Factor Models Primer

Factor models seek to distill often high dimensional data into a set of underlying or latent factors that capture much of the original variation in the data.

We say the data, \(X\), follows a factor structure if:

\[ \begin{align} \underset{(T \times n)}{X} = \underset{(T \times r)}{F} \underset{(r \times n)}{\Lambda^{*'}} + \underset{(T \times n)}{e} \end{align} \]

where there are

\(T\) rows (observations),
\(n\) columns (variables), and
\(r\) factors. And we can refer to
\(\lambda_{ik}^*\) as the entry in \(\Lambda^{*}\) in the \(i\)th row and \(k\)th column

This \(\lambda_{ik}^*\) shows how factor \(k\) is related to, or “loads onto,” variable \(i\).

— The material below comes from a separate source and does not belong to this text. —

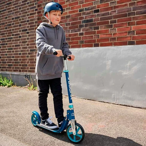 Der BigWheel 215 ist ein Aluminium-Scooter mit toller Ausstattung. Durch den einfach zu handhabenden Faltmechanismus hat er eine komfortabel große Deckfläche und kann ganz einfach transportiert werden. Das tiefe Trittbrett spart Kraft, wenn schwungvoll Gas gegeben wird. Für sicheren Halt sorgt die Reibungsbremse am Hinterrad. Der breite Lenker mit langlebigen Gummigriffen ermöglicht stabiles und vor allem ruhiges Fahrverhalten, denn lose Verbindungen wurden eliminiert, so dass keine störenden Geräusche mehr auftreten. Der Scooter läuft auf PU-Rollen mit einem Durchmesser von 215 mm. Die ABEC 5-Kugellager stehen für müheloses Fahren.Art.-Nr.: 1902699
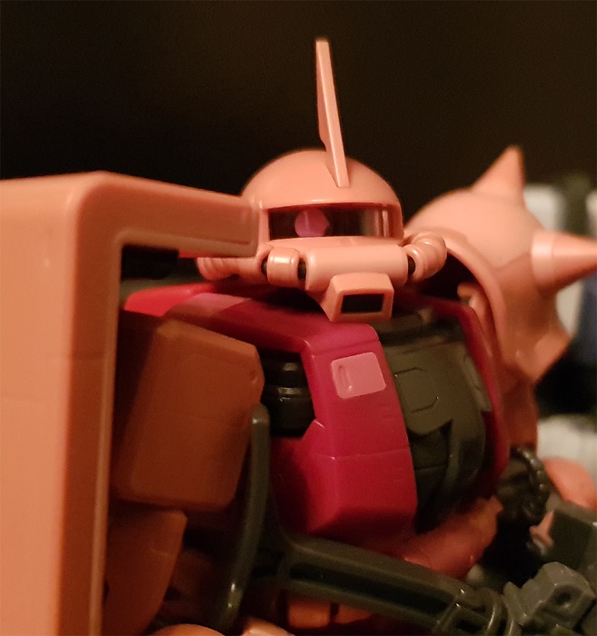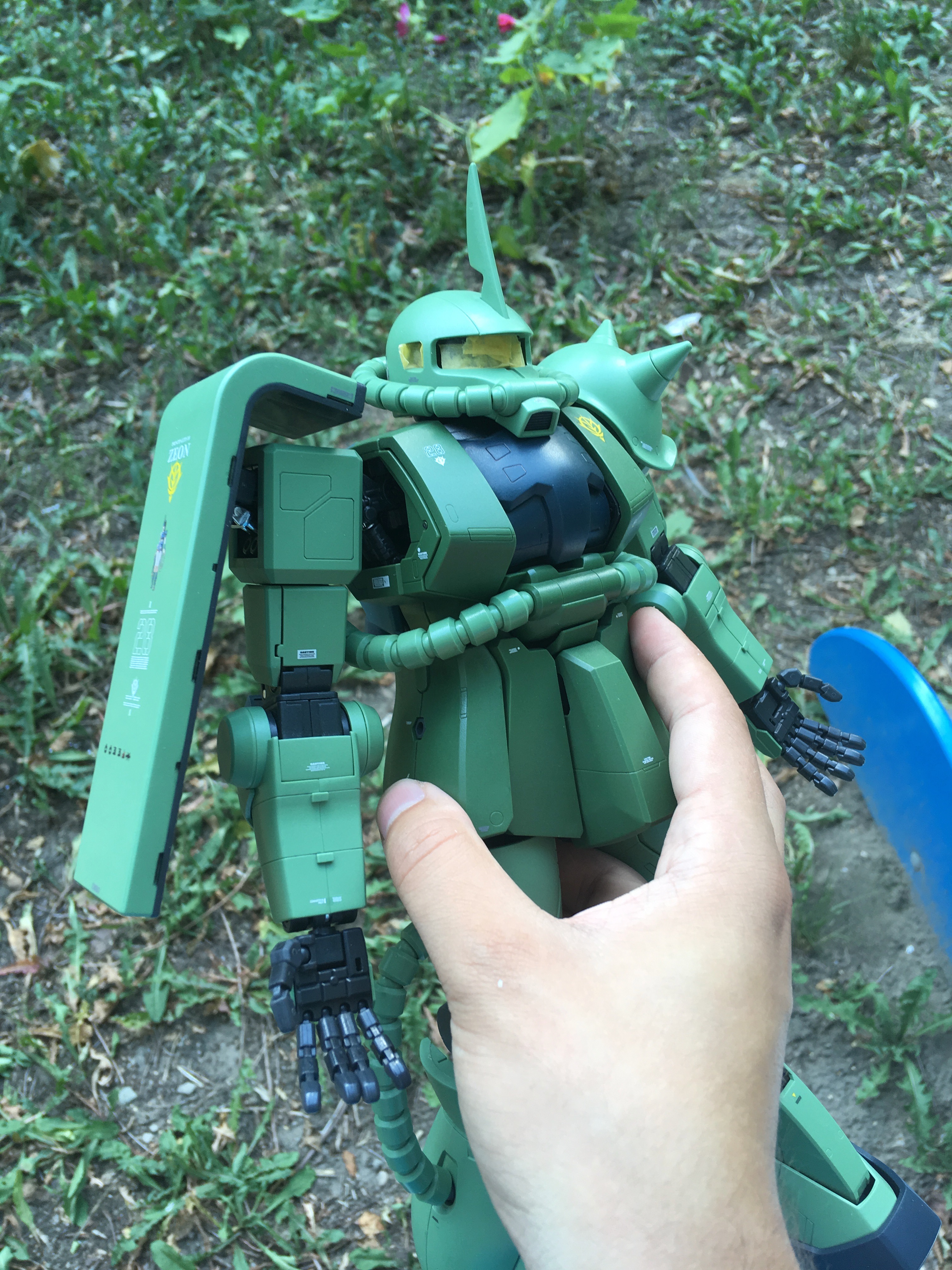 RG Заку просто отличный, собрался за один день. Очень понравилась идея с движением окуляра: двигаешь голову - "глаз" поворачивается в эту же сторону. В обзорах видел, что у других Заку нужно было снимать голову и сдвигать маленький рычажок снизу. Наклейка из комплекта не понравилась, так как она слегка больше детали и потому по краям загнулась, что портило вид. А самое весёлое то, что нашёл у себя в загашнике краску 1 в 1 совпадающую со цветом "глаза", что позволило сделать всё аккуратней.

Note that the \(k\)th column of \(\Lambda^*\) will be referred to as \(\lambda_k^*\).

We assume that the number of underlying factors can be learned from the data (e.g. following the procedure in Bai and Ng (2002) or Ahn and Horenstein (2013)).¹ Next, we’re interested in estimating the loading matrix \(\Lambda^*\), which shows how the factors are related to the data matrix \(X\).

Problem: Rotational Indeterminacy

However, there is no unique estimate of \(F\) and estimate of \(\Lambda^*\) that satisfies the equation above.

To illustrate, let \(H\) be any nonsingular \(r \times r\) matrix. We can define an alternative loading matrix \(\Lambda^0 = \Lambda^* (H')^{-1}\) and alternative factors \(F^0 = FH\), and it follows that

\[ \begin{align} X & = F^0 \Lambda^{0'} \\ & = FH (H^{-1'})' \Lambda^{*'}\\ & = FH H^{-1} \Lambda^{*'} \\ & = F \Lambda^{*'} \end{align} \]

Hence \((F^0,\Lambda^{0'})\) and \((F,\Lambda^*)\) are observationally equivalent. This is referred to as rotational indeterminacy and makes interpretation of any estimate of the loading matrix delicate. Each arbitrary rotation \(H\) will result in an alternate interpretation of how the factors and variables are related. But we are interested in the true relationship, \(\Lambda^*\). So how can we recover the true interpretation?

Solution: Use Sparsity

The key idea in Freyaldenhoven (2025) is that assuming a sparsity pattern in the true loadings matrix \(\Lambda^*\) solves the issue of rotational indeterminacy since the sparsity pattern is not invariant to rotations. Intuitively, any rotation (or linear combination) of a sparse loading vector will be less sparse.

To see this, note that PCA gives us estimates that are asymptotically a linear combination of the true loadings vectors. That is, we can obtain principal component vectors in the columns of \(\Lambda^0\) such that

\[ \begin{align} \Lambda^0 = \Lambda^*(H^{-1})' + \epsilon \end{align} \] where \(H\) is a nonsingular \(r \times r\) matrix and \(\epsilon\) is ``small’’.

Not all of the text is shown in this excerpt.